Ectopic BCL11B disrupts the activity of early hematopoietic transcription factors to skew lineage commitment Free

Enhancer hijacking events that aberrantly activate the T-lineage transcription factor (TF) gene, BCL11B, define a subtype of lineage ambiguous leukemia with T- and/or myeloid immunophenotype (“BCL11B-a” leukemia). Despite this lineage ambiguity, the gene expression profile of BCL11B-a leukemia resembles CD34+ hematopoietic stem and progenitor cells (HSPCs), suggesting an extra-thymic HSPC cell of origin wherein BCL11B exerts ectopic oncogenic activity. How ectopic BCL11B perturbs hematopoietic development to drive lineage skewing and transformation remains unknown. Here, we investigated mechanisms of ectopic BCL11B gene regulatory activity using viral expression in non-BCL11B expressing HSPCs, putative cells of origin for BCL11B-a leukemia.

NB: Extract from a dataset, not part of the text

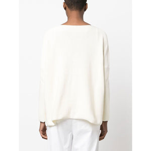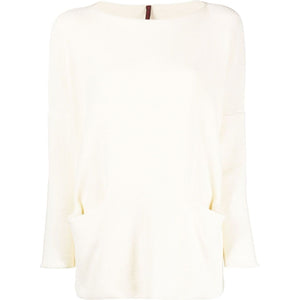 open pocket boat neck jumper from DANIELA GREGIS featuring ivory white, cotton, knitted construction, boat neck, two front patch pockets, drop shoulder and long sleeves. Cotton boat neck sweater Size and Fit - This piece fits true to size. We recommend you get your regular size. Model is 1,75m / 5ft 8in wearing size UNI
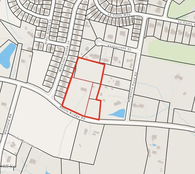 Expansive land near the final 540 construction phase! Five adjoining parcels, 7101 Battle Bridge, combined with 7103, 7105, 7109, 7113 Battle Bridge Rd totaling 6.8 acres. Updated ranch home included with sale. Geotech survey recently completed. Seller is a NC licensed real estate broker.

We first investigated how developmental stage impacts ectopic BCL11B activity. We examined lineage commitment and T-lineage skewing as indicators of oncogenic BCL11B transcriptional activity using an in vitro single cell lineage-output assay in subsets of human cord blood HSPCs: hematopoietic stem cells (HSC), multi-lymphoid progenitors (MLP), common myeloid progenitors (CMP) and granulocyte-monocyte progenitors (GMP). Ectopic BCL11B preferentially induced T-lineage skewing (cytoplasmic CD3 positivity) in CMPs, to a lesser extent in HSCs and MLPs, and not in GMPs. Moreover, ectopic BCL11B promoted mixed erythroid-myeloid single cell-derived colonies at the expense of erythroid-only colonies in CMPs, compared to control CMPs, thus identifying a developmental window amenable to ectopic BCL11B lineage skewing.

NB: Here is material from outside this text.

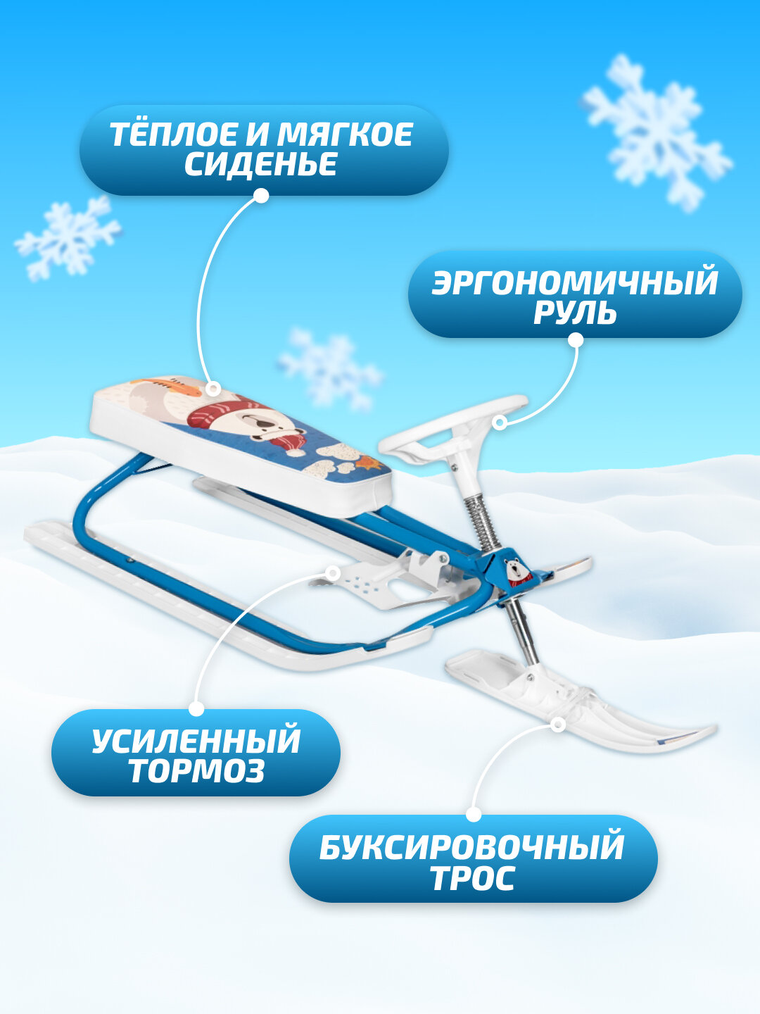 Снегокат "Белый мишка" (голубой/белый) СНК.11

To interrogate how ectopic BCL11B perturbs developmental gene programs, we used CUT&RUN to profile ectopic BCL11B chromatin binding in bulk HSPCs. We first examined whether ectopic BCL11B would bind its canonical T-lineage sites in an ectopic context. Compared to published thymic progenitor data, 54% of ectopic BCL11B sites were unique to HSPCs, indicating that cell-intrinsic factors direct BCL11B occupancy in different cellular contexts. To explore potential factors, we analyzed published binding data for key HSPC TFs (RUNX1, FLI1, LMO2, ERG, TAL1, GATA2, and LYL1) and identified RUNX1 as most strongly correlated with BCL11B binding in HSPCs. We confirmed RUNX1 at 74% of BCL11B sites in HSPCs and 87% of BCL11B sites in primary BCL11B-a leukemia cells, thus nominating RUNX1 as a molecular determinant of ectopic BCL11B binding.

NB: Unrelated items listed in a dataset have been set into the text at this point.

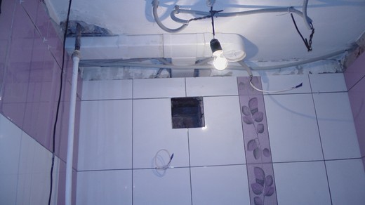 Un trou est fait dans le plafond de la salle de bain d'une maison privée, égal au diamètre du tuyau isolé. L'extrémité supérieure du tuyau d'échappement est insérée dans l'ouverture pratiquée dans le toit et l'extrémité inférieure est insérée dans la fenêtre de ventilation découpée dans le plafond.
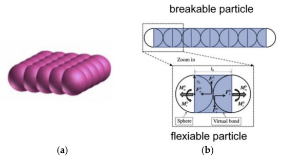 A theoretical view of the methodology for breakable DEM particles [73]: (a) clumped; (b) DEM particles illustration showing breaking up.
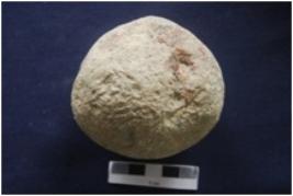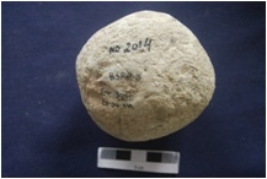 | Description / विवरण | It is a complete quartz hammer stone. Two surfaces is irregular with lot of wear and tear, Calcium encrustation is also present at surface. It is globular in shape. |
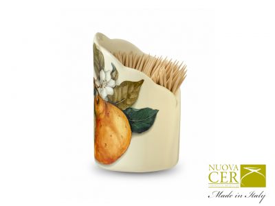 Urokliwy pojemnik na wykałaczki wykonany z ceramiki o bardzo delikatnym. kremowym odcieniu. ozdobiony soczystymi owocami to idealna dekoracja domu z odrobiną humoru we włoskim stylu. Owoce malowane z dbałością o najmniejszy szczegół przywodzą na myślspacery po sadzie i jedzenie...

Although ectopic BCL11B was recruited to RUNX1-occupied sites in HSPCs, CUT&RUN showed globally reduced RUNX1 binding following enforced BCL11B expression. To assess whether BCL11B directly interfered with RUNX1 binding at these sites, we employed a dTAG approach to acutely degrade BCL11B and then re-measured RUNX1 occupancy. RUNX1 returned to a subset of sites following acute (6 hr) BCL11B degradation, most (76%) of which were promoter-distal and enriched near genes involved in HSC differentiation (e.g. CD34, LMO2, IL1B), demonstrating that ectopic BCL11B directly interferes with RUNX1 binding in HSPCs as one mechanism to disrupt gene regulation.

To assess how ectopic BCL11B perturbs chromatin regulation more globally, we performed ATAC-seq in HSPCs 4 days post BCL11B transduction. Nearly one-quarter of open chromatin sites changed accessibility: most (77%) lost accessibility and were enriched for PU.1 binding, while regions that gained accessibility were enriched for GATA2 binding. BCL11B was previously reported to associate with SWI/SNF chromatin remodeling complexes, and we identified the core SWI/SNF member BRG1 as a chromatin-associated BCL11B interacting partner in BCL11B-a PDX cells, suggesting that ectopic BCL11B regulates chromatin accessibility by directly modulating SWI/SNF targeting. To test this, we performed ATAC-seq following acute BCL11B degradation and observed increased recruitment of BRG1 to newly accessible sites, confirming BCL11B's ability to selectively direct SWI/SNF to chromatin and regulate access of opposing TFs.

Collectively, these data demonstrate that ectopic BCL11B can disrupt the activity of at least 3 TFs in HSPCs, including blocking RUNX1 chromatin binding and potentiating a GATA2 regulated chromatin network at the expense of PU.1. These perturbations differ from BCL11B's normal gene-regulatory activity in thymocytes and are consistent with arrested hematopoietic differentiation and lineage skewing observed in BCL11B-a leukemia. Thus, targeting the ectopic BCL11B-chromatin remodeling axis could be of therapeutic benefit.